Hey, on a production system I run kernel 2.6.35 and XFS (rw,relatime,nobarrier) on a lvdevice of a vgroup consisting of five dm-crypt devices (cryptsetup -c aes-lrw-benbi -s 384 create) , each of which runs on a md-raid1 device (mdadm --create --level=raid1 --raid-devices=2) on two 750 GB ATA devices. The read performance is abysmal. The ata devices can be ruled out, as hdparm How can I best track down the cause of the performance problem, a) without rebooting too often, and b) without breaking up the setup specified above (production system)? Any ideas? perf(1)? iostat(1)? Thanks & best, Dominik --
So did you just upgrade the system from an earlier kernel that did not show these problems? Or did no one notice them before? --
Christoph, Well, there are some reports relating to XFS on MD or RAID, though I couldn't find a resolution to the issues reported, e.g. - http://kerneltrap.org/mailarchive/linux-raid/2009/10/12/6490333 - http://lkml.indiana.edu/hypermail/linux/kernel/1006.1/00099.html However, I think we can rule out barriers, as XFS is mounted "nobarrier" here. Best, Dominik --
Ok, so it's been around for a while. Can you test the write speed of each individual device layer by doing a large read from it, using: dd if=<device> of=/dev/null bs=8k iflag=direct where device starts with the /dev/sda* device, and goes up to the MD device, the dm-crypt device and the LV. And yes, it's safe to read from the device while it's otherwise mounted/used. --
Has that system been running acceptable before? If yes, what has been changed that performance is down now? Or is it a new setup? Then why is it in production already? Can you run bonnie on that system? What does "dd if=<your device> of=/dev/null bs=1m count=1024" say? What does "dd if=/dev/zero of=<your device> bs=1m count=1024" say? -- mit freundlichen Grüssen, Michael Monnerie, Ing. BSc it-management Internet Services http://proteger.at [gesprochen: Prot-e-schee] Tel: 0660 / 415 65 31 ****** Aktuelles Radiointerview! ****** http://www.it-podcast.at/aktuelle-sendung.html // Wir haben im Moment zwei Häuser zu verkaufen: // http://zmi.at/langegg/ // http://zmi.at/haus2009/
Hey,
many thanks for your feedback.
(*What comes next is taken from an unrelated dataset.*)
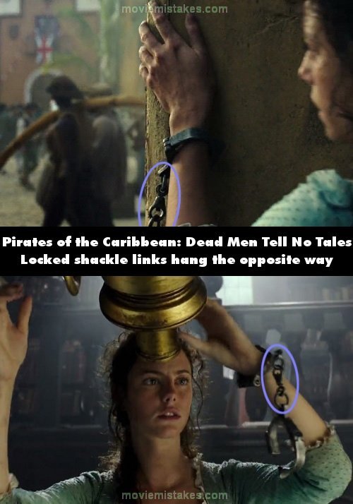Continuity mistake: When Carina escapes from her jail cell, just after we hear Mayor Dix dedicate the Royal Bank of St. Martin, in the closeup we see the locked shackle around Carina's left wrist and the hanging links with the other shackle dangling. Then when Mr. Swift sees Carina handling his telescope, in this closeup we see the shackle links are hanging the opposite way, revealing that the locked shackle around her left wrist had been the dangling shackle from the earlier shot.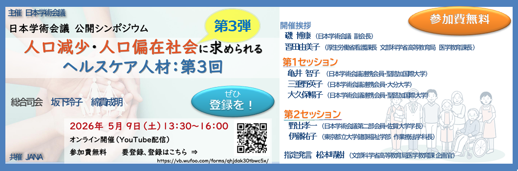 日本学術会議公開シンポジウム「人口減少・人口偏在社会に求められるヘルスケア人材:第3回」開催のお知らせ

It seems the crypto step is the culprit:
Reading 1.1 GB with dd, iflag=direct, bs=8k:
/dev/sd* 35.3 MB/s ( 90 %)
/dev/md* 39.1 MB/s (100 %)
/dev/mapper/md*_crypt 3.9 MB/s ( 10 %)
/dev/mapper/vg1-* 3.9 MB/s ( 10 %)
The "good" news: it also happens on my notebook, even though it has a
different setup (no raid, disk -> lv/vg -> crypt). On my notebook, I'm
more than happy to test out different kernel versions, patches etc.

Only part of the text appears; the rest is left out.